--- START ---

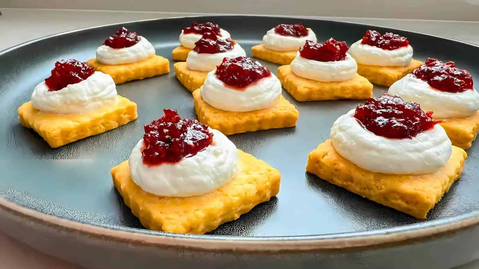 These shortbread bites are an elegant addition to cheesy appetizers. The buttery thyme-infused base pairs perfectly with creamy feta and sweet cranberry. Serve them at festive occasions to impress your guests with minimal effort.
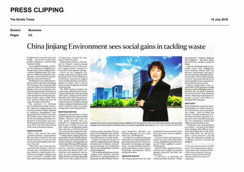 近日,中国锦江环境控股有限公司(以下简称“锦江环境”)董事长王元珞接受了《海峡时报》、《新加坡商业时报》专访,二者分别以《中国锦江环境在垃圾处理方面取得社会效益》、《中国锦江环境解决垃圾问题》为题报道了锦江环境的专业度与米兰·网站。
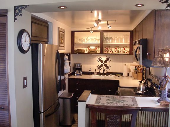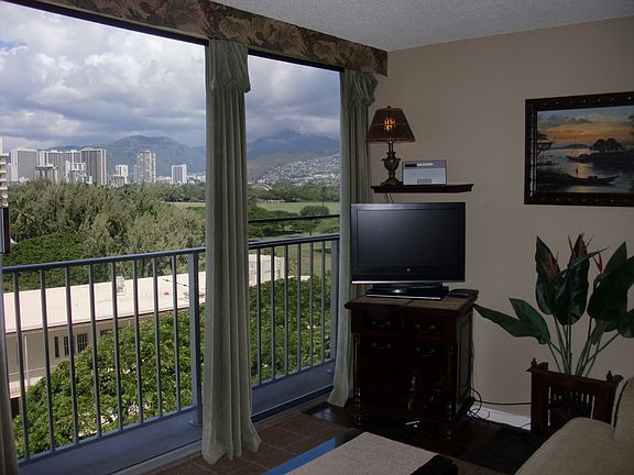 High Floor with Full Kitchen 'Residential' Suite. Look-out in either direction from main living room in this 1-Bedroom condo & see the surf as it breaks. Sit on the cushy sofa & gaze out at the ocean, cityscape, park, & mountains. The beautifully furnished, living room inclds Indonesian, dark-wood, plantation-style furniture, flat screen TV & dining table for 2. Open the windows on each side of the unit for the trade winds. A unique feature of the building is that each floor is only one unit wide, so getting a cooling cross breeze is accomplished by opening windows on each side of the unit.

--- END ---

* _AIM OF THE TASK_
Print the material above word for word, first line through the line with "近日,中国锦江环境控股有限公", and leave every picture out.

* _RESPONSE TO THIS TASK_
 These shortbread bites are an elegant addition to cheesy appetizers. The buttery thyme-infused base pairs perfectly with creamy feta and sweet cranberry. Serve them at festive occasions to impress your guests with minimal effort.
 近日,中国锦江环境控股有限公司(以下简称“锦江环境”)董事长王元珞接受了《海峡时报》、《新加坡商业时报》专访,二者分别以《中国锦江环境在垃圾处理方面取得社会效益》、《中国锦江环境解决垃圾问题》为题报道了锦江环境的专业度与米兰·网站。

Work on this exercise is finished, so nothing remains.